It was time to say goodbye to my new friends and skoot off to Mazar-i-Sharif. I took a taxi to Sarai Shomali where I joined a minivan in the comfy front seat this time ($12). Sometimes I get special treatment because the locals think I'm a Saudi pilgrim.
The driver's side is on the wrong side of a lot of these cars and it makes passing very dangerous.
Not too far north of Kabul, we entered into a jagged mountain pass. It looked like the land had been raked over by a giant fork. We darted in and out of tunnels and "galleries", half-tunnels that are meant to thrawart landslides from blocking the road. At the top of the pass a sprinkling of powdery snow filled the gaps between rocks.
Several areas had signs warning of landmine danger just off the roadside. Rocks painted either white or red showed where it was safe to walk. Dozens of destroyed tanks littered the fields.
We passed through a narrow gap in the cliff and on the other side the landscape opened up in brown rolling hills, then to a flat desert plain. At one time there was a good electrical grid and big electric poles followed the road. During the civil war, thieves stripped the electrical delivery system of all the wires to sell as scrap.

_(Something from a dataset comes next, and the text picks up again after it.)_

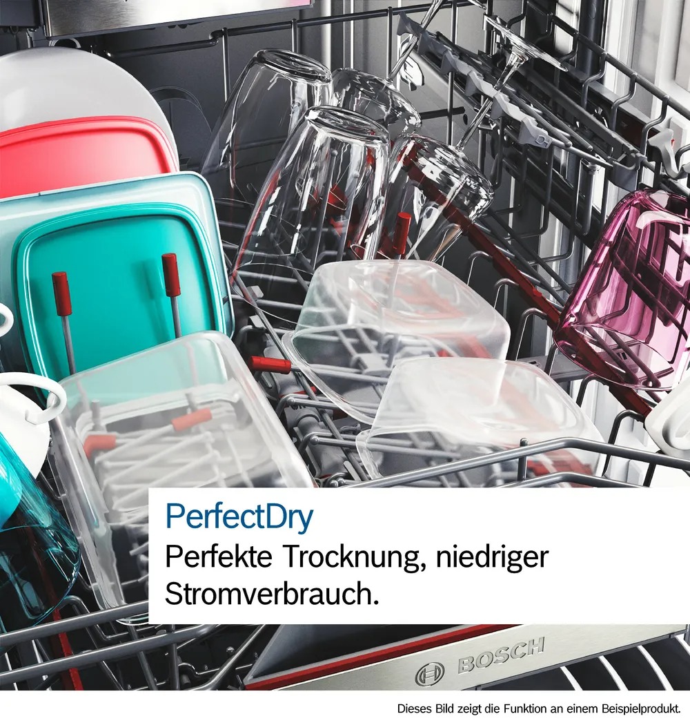 Bát đĩa chưa được làm khô hoàn toàn hoặc còn quá nóng? Với EfficientDry, đó là lịch sử. Máy rửa bát âm tủ Bosch SMD8TCX04E Series 8 được bổ sung thêm tính năng tự động mở cửa khi chương trình kết thúc. Điều này giúp cải thiện quá tình làm khô, ngăn ngừa sự hình thành nước ngưng tụ đồng thời bát đĩa của bạn được thoáng mát, khô ráo hoàn toàn. Vì vậy, bạn có thể cho ngay bát đĩa vào tủ mà không cần làm khô thêm lần nào nữa. Điều này không chỉ tiện lợi mà còn tiết kiệm năng lượng.
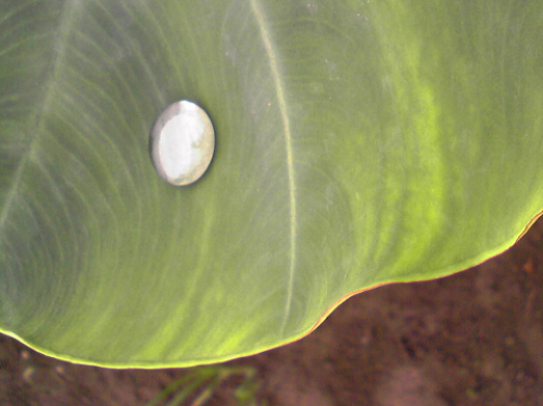 いつもの散歩コースを逆回りすると、キラッ 視界の端が・・・感じました大きな葉っぱの上に、それがありました(^O^)田畑だったところに、家の新築が増えてきましたので、風景が変わってきますよねこの変化が最近の楽しみの一つヽ(・∀・)ノ

When we arrived in Mazar around 4:30 PM, I was little impressed by the traffic, noise, and pollution. I trotted around the perimeter of the shrine of Hazarat Ali looking for accommodation in the market before finding the Aria Hotel for $6. I took a cold bucket shower and waited for the Hazan. I walked to the old market to the west of the shrine and found a basic restaurant. Everyone had already finished eating because they wait for that call from the mosque, fork in hand, then totally dig-in. I had a big plate of Kabuli rice, with a generous sprinkling of raisins and a portion of meat buried in the middle. I sat next to a heater contraption that used coal to heat the room and also to heat water in a reservoir for tea. There was a TV and someone switched between a Hollywood basketball comedy, a devotional music program, and Hindi films.